◆ **WHAT TO DO**: Please transcribe the data that follows without the pictures, keeping every word the same.

(Dataset entries)
# # # # #
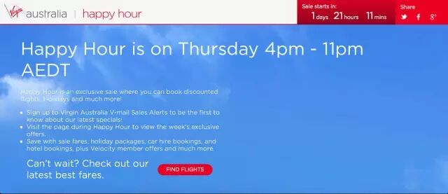 每周四4:00pm-11:00pm(澳洲东岸时间)为减价时段,只要在网站上看到 Happy Hour出现,就有机票特价活动。配合不同的节日,也会推出不同的特价方案,想买到便宜机票就必须勤快地经常上网页查看。
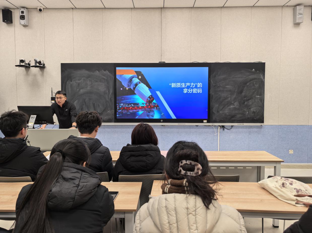 于振山系统梳理了“挑战杯”赛事的发展脉络,详细解读了“大挑”与“小挑”的定位差异,并介绍了国创赛多赛道并行的特色及其主办背景。他结合“新质生产力”这一时代课题,激励同学们依托所学专业,主动投身科技创新与创业实践,在赛事历练中提升综合能力、实现自我成长。
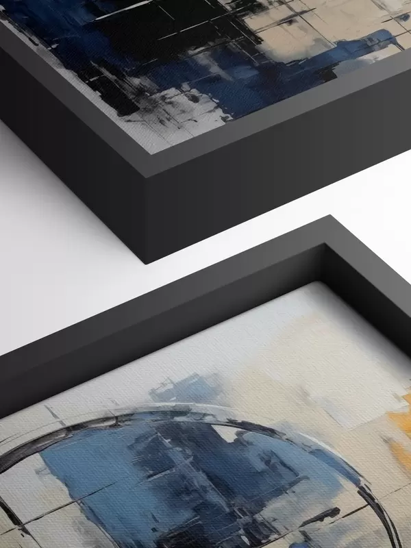 Maalid Abstraktne kubism, sinine, oranž, valge kriips, ringikujuline kujund Nr s39179
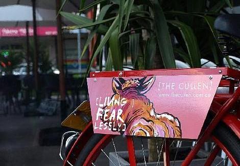 The Cullen, opened in late 2009, is the ballsy older sister to the gentle Olsen and whimsical Blackman hotels. It's also the smallest. The intimacy suits the art's intensity and staff members convey an unaffected, genuine friendliness which softens your sudden encounters with a stiletto-wearing Ned Kelly or a slogan-daubed fibreglass cow. Their warmth accentuates the humour in Cullen's art. It dilutes the shock value, dissipates the unease.
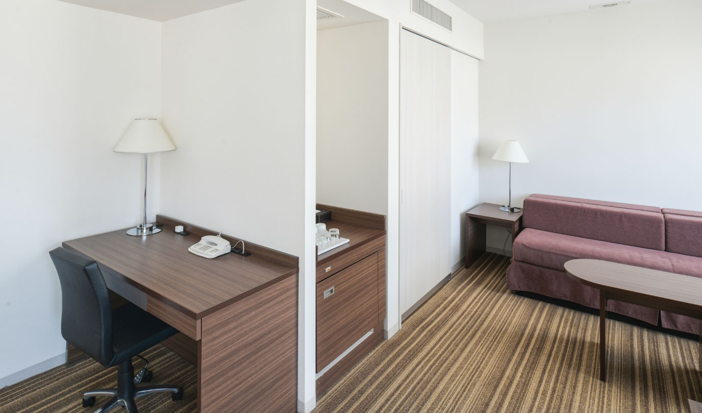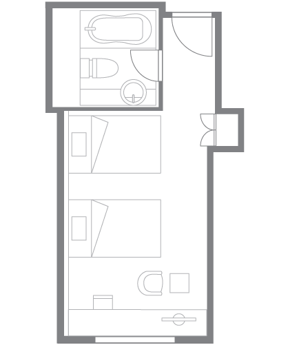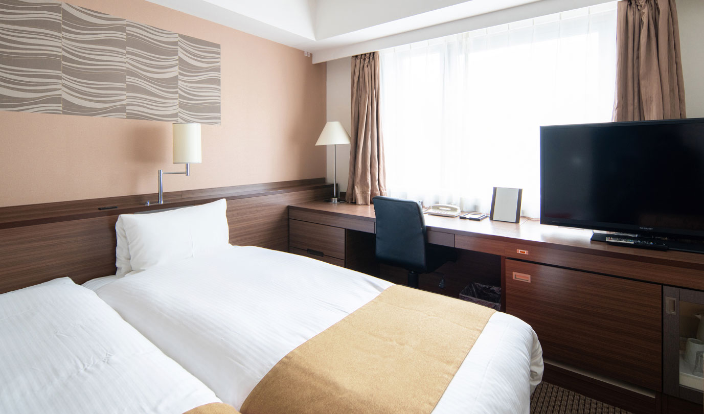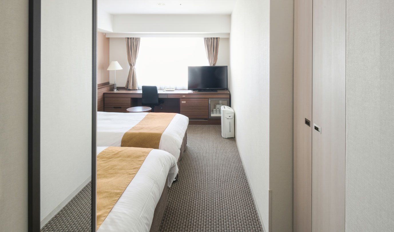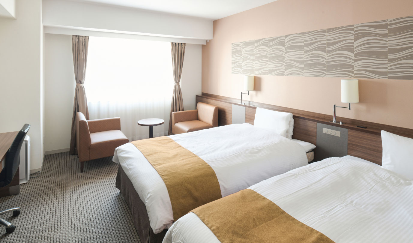 ※エキストラベッドはございませんので、宿泊人数が4名以上でもベッドは3台です。 ベッド台数(3台)とベッド幅(120センチ×2台、90センチ×1台)にご注意ください。
# # # # #
◆ **TASK RESPONSE**:
 每周四4:00pm-11:00pm(澳洲东岸时间)为减价时段,只要在网站上看到 Happy Hour出现,就有机票特价活动。配合不同的节日,也会推出不同的特价方案,想买到便宜机票就必须勤快地经常上网页查看。
 于振山系统梳理了“挑战杯”赛事的发展脉络,详细解读了“大挑”与“小挑”的定位差异,并介绍了国创赛多赛道并行的特色及其主办背景。他结合“新质生产力”这一时代课题,激励同学们依托所学专业,主动投身科技创新与创业实践,在赛事历练中提升综合能力、实现自我成长。
 Maalid Abstraktne kubism, sinine, oranž, valge kriips, ringikujuline kujund Nr s39179
 The Cullen, opened in late 2009, is the ballsy older sister to the gentle Olsen and whimsical Blackman hotels. It's also the smallest. The intimacy suits the art's intensity and staff members convey an unaffected, genuine friendliness which softens your sudden encounters with a stiletto-wearing Ned Kelly or a slogan-daubed fibreglass cow. Their warmth accentuates the humour in Cullen's art. It dilutes the shock value, dissipates the unease.
 ※エキストラベッドはございませんので、宿泊人数が4名以上でもベッドは3台です。 ベッド台数(3台)とベッド幅(120センチ×2台、90センチ×1台)にご注意ください。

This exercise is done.